The problem: Could you copy every record exactly, leaving the pictures behind?

BEGIN Records to use

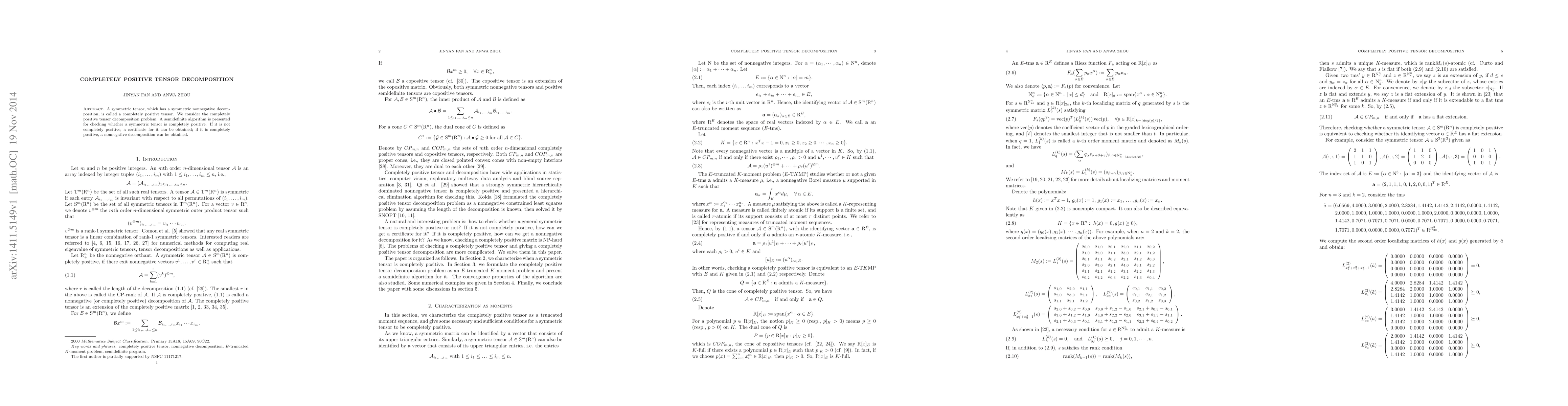 This paper explores the completely positive tensor decomposition problem, presenting a semidefinite algorithm to determine if a symmetric tensor has a nonnegative decomposition. If not, it provides a certificate of non-positivity; if it is completely positive, it yields a nonnegative decomposition.
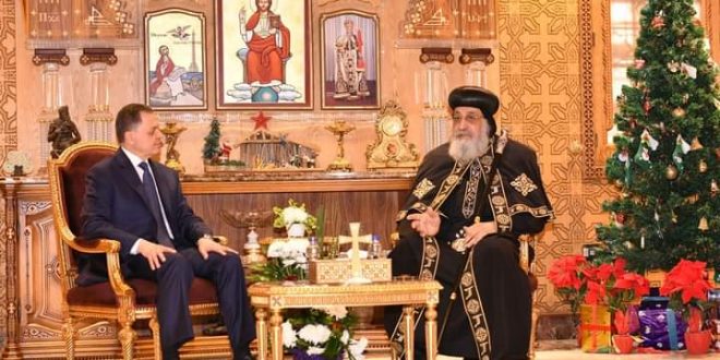 هنأ اللواء محمود توفيق وزير الداخلية البابا تواضروس الثاني بابا الإسكندرية بطريرك الكرازة المرقسية بالعباسية بمناسبة عيد الميلاد المجيد
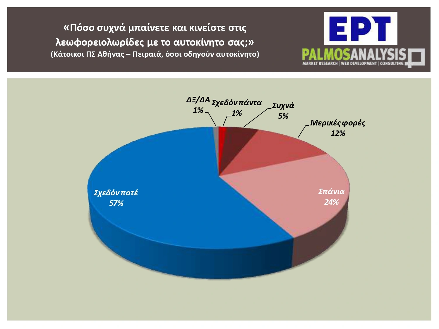 Παρά τη διαπίστωση του προβλήματος, το 60% των εργαζομένων στο Πολεοδομικό Συγκρότημα Αθήνα-Πειραιά χρησιμοποιούν για τις μετακινήσεις τους ΙΧ, ταξί ή δίκυκλο, αντί για κάποιο από τα ΜΜΜ, ενώ το 42% των οδηγών στις ίδιες πόλεις επιμένουν να μπαίνουν στις λεωφορειολωρίδες (41% σε Θεσσαλονίκη).
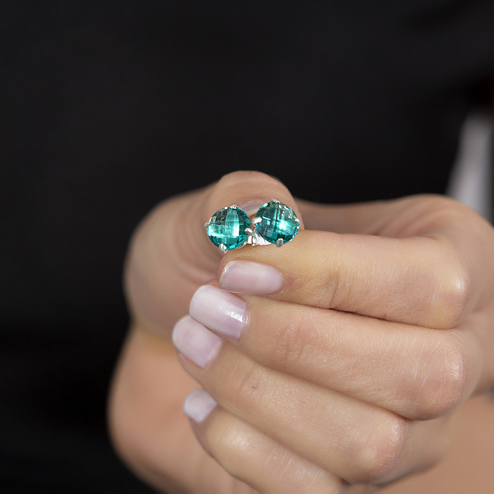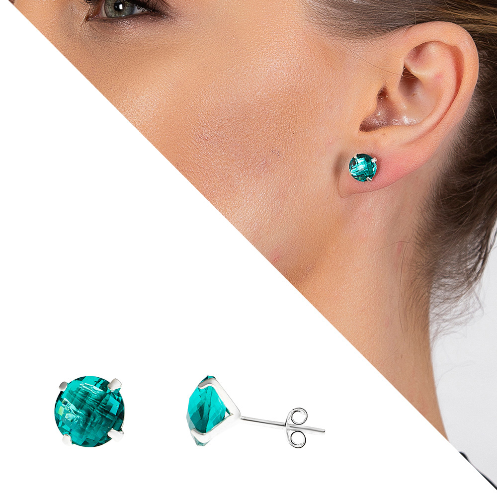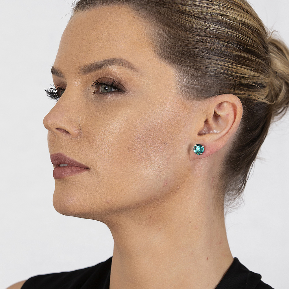 Turkuaz Zirkon Taşlı Oval Tasarım 925 Ayar Gümüş Kadın Küpe
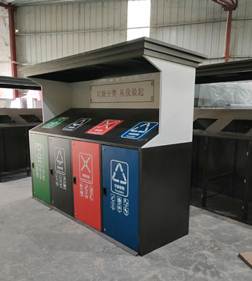 • 產品材質:城市花園小區大容量分類垃圾桶定點投放垃圾屋房站點整體尺寸制作需求可按地方標準要求定制,常用的制作材質有鍍鋅板、不銹鋼、戶外塑粉靜電噴涂,其工藝特點表現為較高的戶外適應性,表面涂層堅固,不易脫落,抗紫外線以及耐候性強??苫厥瘴锿犊跒樗{色,其他垃圾為淺灰色,廚余垃圾綠色,有害垃圾為紅色,顏色搭配美觀,可配套洗手盆投放后清洗。.表面無毛刺、無披鋒,棱角和邊緣做圓角處理.
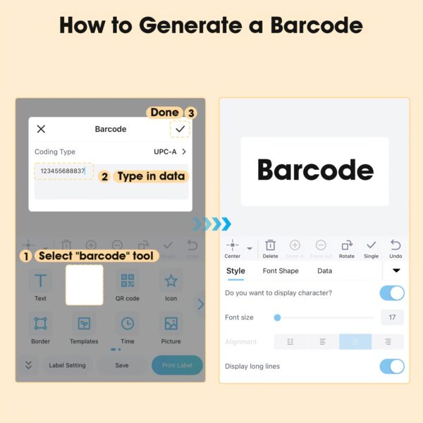 Diese App ist einfach zu bedienen und dennoch wirkungsvoll. Sie können drahtlos verbinden, Änderungen vornehmen und Drucke direkt von Ihrem mobilen Gerät aus vorbereiten. Die Print Master-Anwendung bietet eine Vielzahl von kostenlosen, vorgefertigten Etikettenvorlagen, die für unterschiedliche Bedürfnisse geeignet sind, um Ihre Produktivität zu steigern. Außerdem haben Sie die Möglichkeit, Ihre eigenen Vorlagen zu erstellen und zu speichern. Sie umfasst über 30 Schriftarten und mehr als 40 Rahmen für personalisierte Etikettengestaltungen.
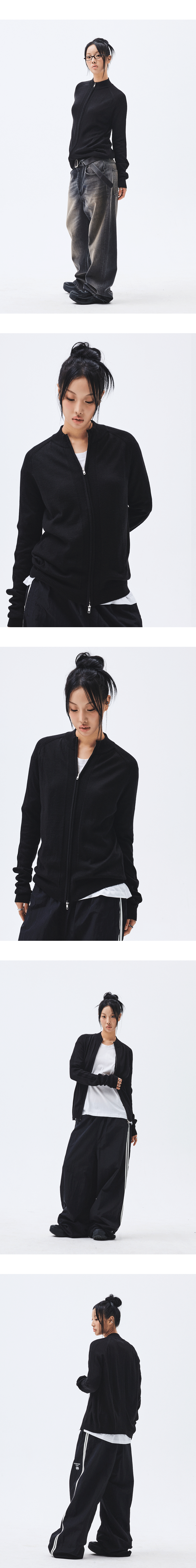 언더마이카 무.139 클래식 로고 슬림 베이식 니트 집업 블랙
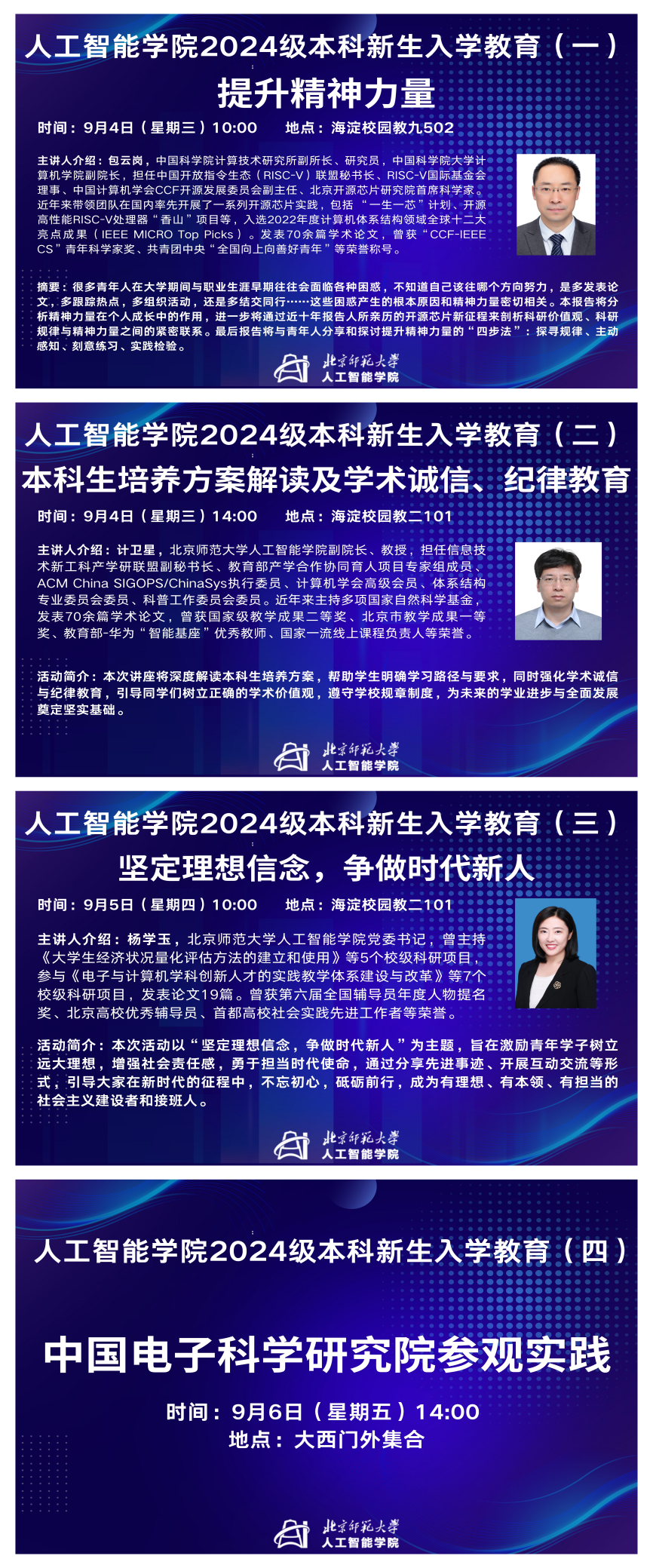 下午,各班开展2024级新生班会。在班会上,班主任向同学们简介学院情况、开展破冰活动、开展安全教育和纪律教育、介绍第一周的入学教育安排。班主任老师鼓励同学们努力学习、勇于探索,在北师大黑料正能量 不断成长进步。晚上,班主任老师走访新生宿舍。
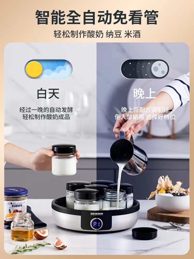 German Severin Homemade Yogurt Machine Home Fully Automatic Smart Small Glass Sub-Cup Natto Rice Wine Hair-Taobao
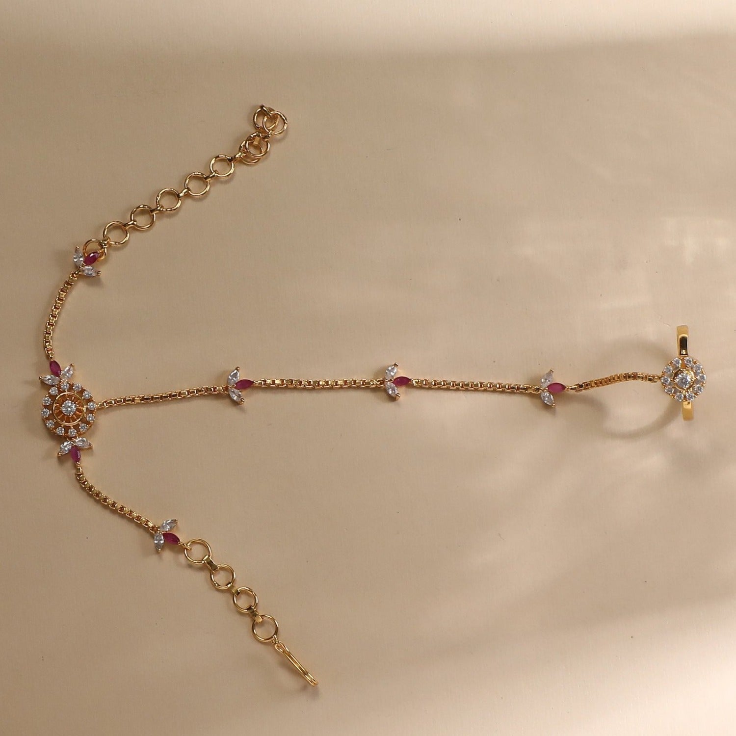 Spice up any outfit with this new accessory, combining bracelet and ring with CZ stones for that classic sparkle on the hand. Timeless glam. Pair with Tarinika earrings for an on-trend festive look.

END Records to use

Result:
 This paper explores the completely positive tensor decomposition problem, presenting a semidefinite algorithm to determine if a symmetric tensor has a nonnegative decomposition. If not, it provides a certificate of non-positivity; if it is completely positive, it yields a nonnegative decomposition.
 هنأ اللواء محمود توفيق وزير الداخلية البابا تواضروس الثاني بابا الإسكندرية بطريرك الكرازة المرقسية بالعباسية بمناسبة عيد الميلاد المجيد
 Παρά τη διαπίστωση του προβλήματος, το 60% των εργαζομένων στο Πολεοδομικό Συγκρότημα Αθήνα-Πειραιά χρησιμοποιούν για τις μετακινήσεις τους ΙΧ, ταξί ή δίκυκλο, αντί για κάποιο από τα ΜΜΜ, ενώ το 42% των οδηγών στις ίδιες πόλεις επιμένουν να μπαίνουν στις λεωφορειολωρίδες (41% σε Θεσσαλονίκη).
 Turkuaz Zirkon Taşlı Oval Tasarım 925 Ayar Gümüş Kadın Küpe
 • 產品材質:城市花園小區大容量分類垃圾桶定點投放垃圾屋房站點整體尺寸制作需求可按地方標準要求定制,常用的制作材質有鍍鋅板、不銹鋼、戶外塑粉靜電噴涂,其工藝特點表現為較高的戶外適應性,表面涂層堅固,不易脫落,抗紫外線以及耐候性強??苫厥瘴锿犊跒樗{色,其他垃圾為淺灰色,廚余垃圾綠色,有害垃圾為紅色,顏色搭配美觀,可配套洗手盆投放后清洗。.表面無毛刺、無披鋒,棱角和邊緣做圓角處理.
 Diese App ist einfach zu bedienen und dennoch wirkungsvoll. Sie können drahtlos verbinden, Änderungen vornehmen und Drucke direkt von Ihrem mobilen Gerät aus vorbereiten. Die Print Master-Anwendung bietet eine Vielzahl von kostenlosen, vorgefertigten Etikettenvorlagen, die für unterschiedliche Bedürfnisse geeignet sind, um Ihre Produktivität zu steigern. Außerdem haben Sie die Möglichkeit, Ihre eigenen Vorlagen zu erstellen und zu speichern. Sie umfasst über 30 Schriftarten und mehr als 40 Rahmen für personalisierte Etikettengestaltungen.
 언더마이카 무.139 클래식 로고 슬림 베이식 니트 집업 블랙
 下午,各班开展2024级新生班会。在班会上,班主任向同学们简介学院情况、开展破冰活动、开展安全教育和纪律教育、介绍第一周的入学教育安排。班主任老师鼓励同学们努力学习、勇于探索,在北师大黑料正能量 不断成长进步。晚上,班主任老师走访新生宿舍。
 German Severin Homemade Yogurt Machine Home Fully Automatic Smart Small Glass Sub-Cup Natto Rice Wine Hair-Taobao
 Spice up any outfit with this new accessory, combining bracelet and ring with CZ stones for that classic sparkle on the hand. Timeless glam. Pair with Tarinika earrings for an on-trend festive look.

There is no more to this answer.